Observers have noted, however, that Shanghvi has mitigated some of that risk in structuring the deal. The agreement refers specifically to the FDA strictures on the Toansa facility: “In connection with the transaction, Daiichi Sankyo has agreed to indemnify Sun Pharma and Ranbaxy for, among other things, certain costs and expenses that may arise from the subpoena.”

“I heard this morning of Ranbaxy and Sun coming together,” former Ranbaxy chairman Malvinder Singh told a TV channel. “I think it’s a very positive move. Daiichi has not been able to do justice to the opportunity and potential that was there in Ranbaxy. Over the past six years, Daiichi has failed to run Ranbaxy successfully.”

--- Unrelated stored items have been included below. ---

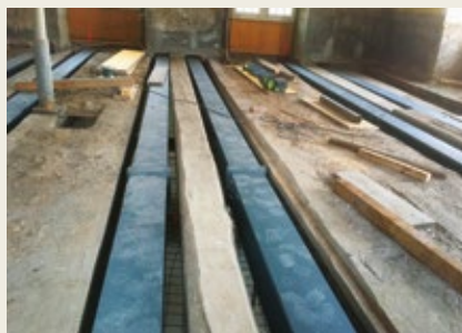
Le plancher du premier étage où les anciennes poutres en bois sont renforcées par des éléments métalliques.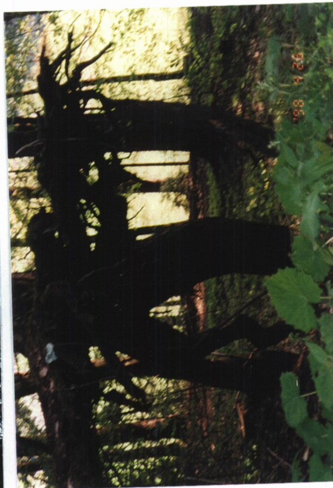
Slika 23 in 24: Bor na Ruti, vidne so tudi korenine.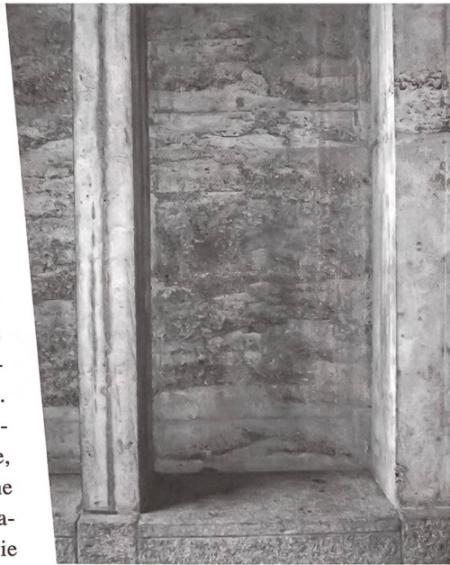
Der Originalbeton der Antoniuskirche zeigt grossflächig Kiesnester und offene Stellen.

Seit 1975 überwiegt die Zahl von Werbeanzeigen für Betonsanierungen deutlich jene der Praxisberichte. Viele Sichtbetonbauten wurden in den letzten 30 Jahren saniert. Viele fehlen in den Bauinventaren, da sie nicht zu den Ikonen der Moderne und den denkmalschützerisch bedeutenden Solitärebauten gehören. Dazu zählen Bauzeugen des Woh-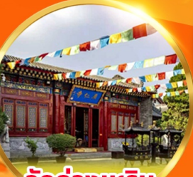
วัดกวางเหริน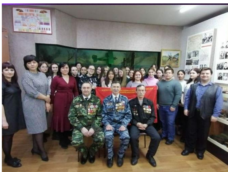
Встреча с ликвидаторами ЧС на Чернобыльской АЭС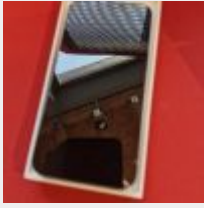
Lot n° 22.1 Iphone 13 Mise à prix : 100 €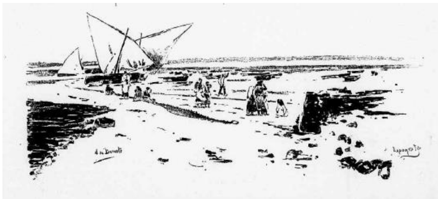
Imagen 3: BERUETE, Aureliano de (1885): [«Una playa»], El Día . Número extraordinario, 27-1, h. 2r. 1-4.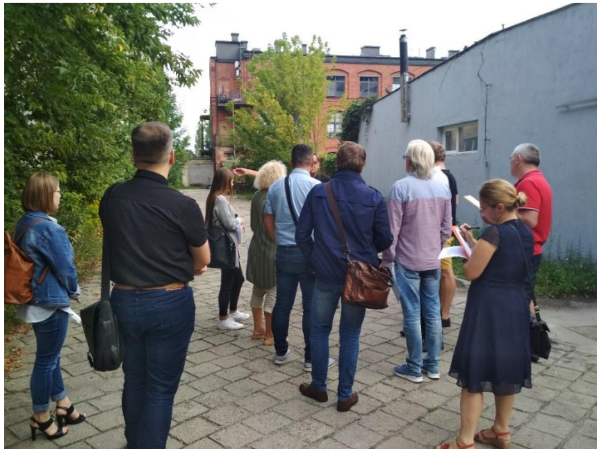
Zdjęcie 6. Dyskusja na temat dostępności komunikacyjnej budynku przy ulicy Lniarskiej 3 – 21.08.2019 r.

Uczestnicy spaceru zwracali uwagę na to, że wyburzenie starej stacji transformatorowej negatywnie wpłynie na atrakcyjność inwestycyjną budynku przy ul. Lniarskiej 3, ze względu na to, że z każdej strony będzie on otoczony ulicami. Twierdzili również, że stworzenie drogi jednokierunkowej między budynkami przy Lniarskiej 3 i Nowy Świat 8 może być znacznie utrudnione przez balkony, które wystają poza obrys budynku, a ich konstrukcja oparta jest na stalowej rurze, oddalonej metr od ściany budynku.

Daiichi’s surrender will give ammunition to those who feel that Japanese managers just can’t cope with the complexities in India. India’s top carmaker Maruti has been facing a succession of labor problems in recent times. “It is an open secret that Japanese managers just don’t understand the Indian situation,” says Ravi Venkatesan, former chairman of Microsoft India. With Shanghvi at the helm, the merged entity may go places. Daiichi has taken a hit today; the value of the Sun stock they will hold is valued at just about $2 billion. But the Japanese can hope that, with the evident synergies in the merger, their investment may break even in the future. What they have lost is management control; they are allowed to appoint only one director on the board of the merged entity.

“The merger is good news for India,” says Mukhopadhyay. “Pharmaceutical companies in this country are small by global standards. This creates a giant with potential.”